At the same event, the Virginia Pro Chapter honored former Roanoke Times political reporter David M. Poole with its 2008 George Mason Award for his role in creating the vpap.org Web site. The site is a creation of the nonpartisan Virginia Public Access Project. It makes the disclosure of state and local campaign contributions easily accessible to reporters and citizens alike.

Since 1971, the chapter has granted up to two scholarships a year to college students in Virginia who intend to become journalists. The scholarships recognize the honorees’ “accomplishments, commitment to careers in journalism and experience in journalism-related work and organizations.”

Caron is treasurer of  W&L’s chapter of SPJ (which is almost 30 years older than the Virginia Pro chapter) and was one of the organizers of the recent Region II spring conference of SPJ held at W&L. She interned last summer at The Charleston (W.Va.) Gazette through the Shepherd Poverty Program and will be a Donald W. Reynolds Intern on the business desk of The Charlotte Observer this summer.

Prof.
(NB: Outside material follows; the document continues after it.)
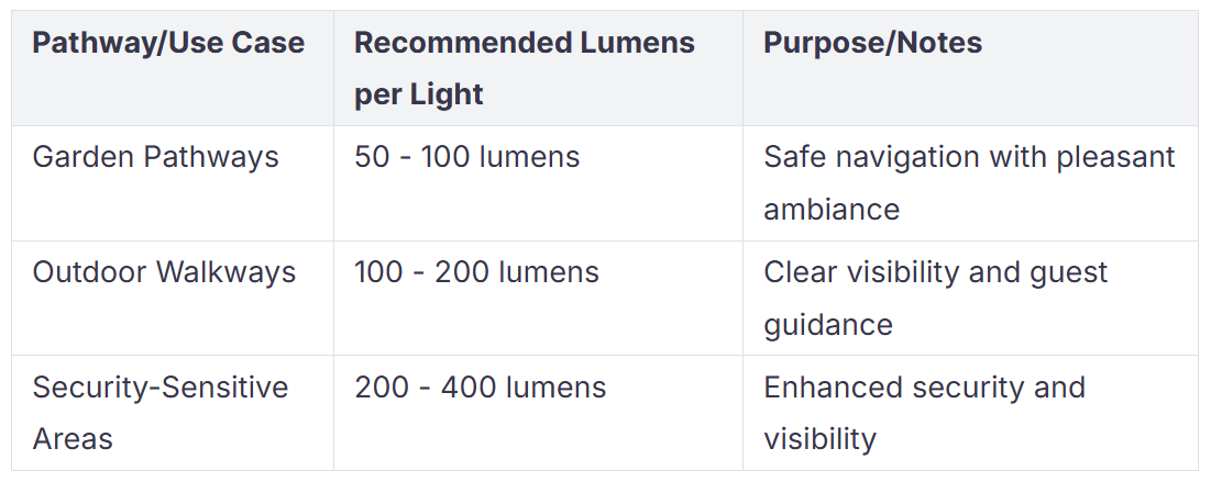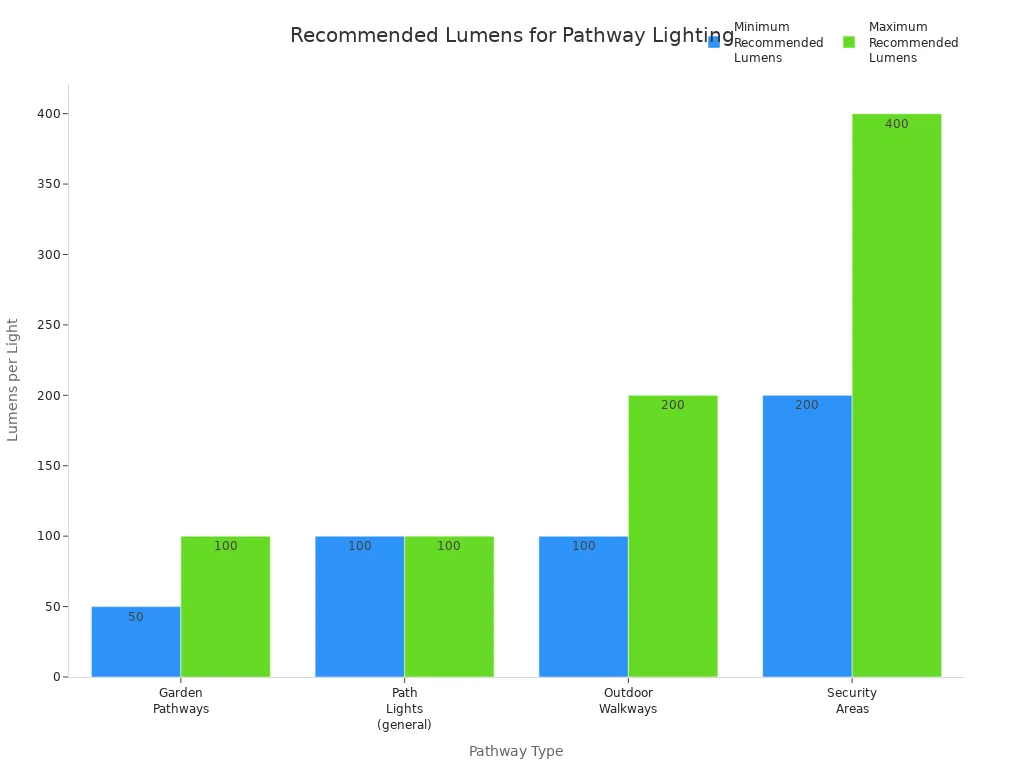 ມັນເປັນສິ່ງສໍາຄັນທີ່ຈະມີເສັ້ນທາງທີ່ປອດໄພຢູ່ຂ້າງນອກ. ເຮັດໃຫ້ມີແສງເສັ້ນທາງ Pathway ຊ່ວຍໃຫ້ຄົນເຫັນບ່ອນທີ່ຈະຍ່າງ. ມັນຍັງຢຸດເຊົາການເດີນທາງແລະຕົກ. ສໍາລັບເສັ້ນທາງສວນ, ໃຊ້ໄຟທີ່ມີ lumens 50-100 lumens. ທາງຍ່າງຕ້ອງການ lumens 100-200 ສໍາລັບແສງສະຫວ່າງທີ່ດີ. ຖ້າທ່ານຕ້ອງການຄວາມປອດໄພເພີ່ມເຕີມ, ໃຫ້ໃຊ້ 200-400 Lumens ຕໍ່ແສງ. ໃສ່ໄຟ LED ກາງແຈ້ງ 6-8 ຟຸດຫ່າງໆສໍາລັບແສງສະຫວ່າງ. ເສັ້ນທາງແຄບຕ້ອງການແສງສະຫວ່າງໃກ້ກັນ. ເສັ້ນທາງກ້ວາງສາມາດມີແສງໄຟຫ່າງໄກກ່ວາ. ວາງໄຟປະມານ 14 ນີ້ວເທິງຫນ້າດິນ. ສິ່ງດັ່ງກ່າວເຮັດໃຫ້ມີໂຄມໂດຍກົງແລະເຮັດໃຫ້ເສັ້ນທາງດີງາມ.

Doug Cumming, who accompanied Caron to the awards celebration in Richmond, praised Caron’s work covering the Rockbridge County community.

“Last fall, as one of my beat-reporting students, she out-performed all local media in covering a controversial zoning change for a gravel quarry in a rural area,” Cumming said.

In receiving the award, Caron spoke of the importance of journalism as a force for justice and giving voice to those who are otherwise not being heard.

The scholarship is named for the late George A. Bowles, a former political columnist with The  Daily Progress in Charlottesville and chief of the Capitol bureau for the Virginia News Network.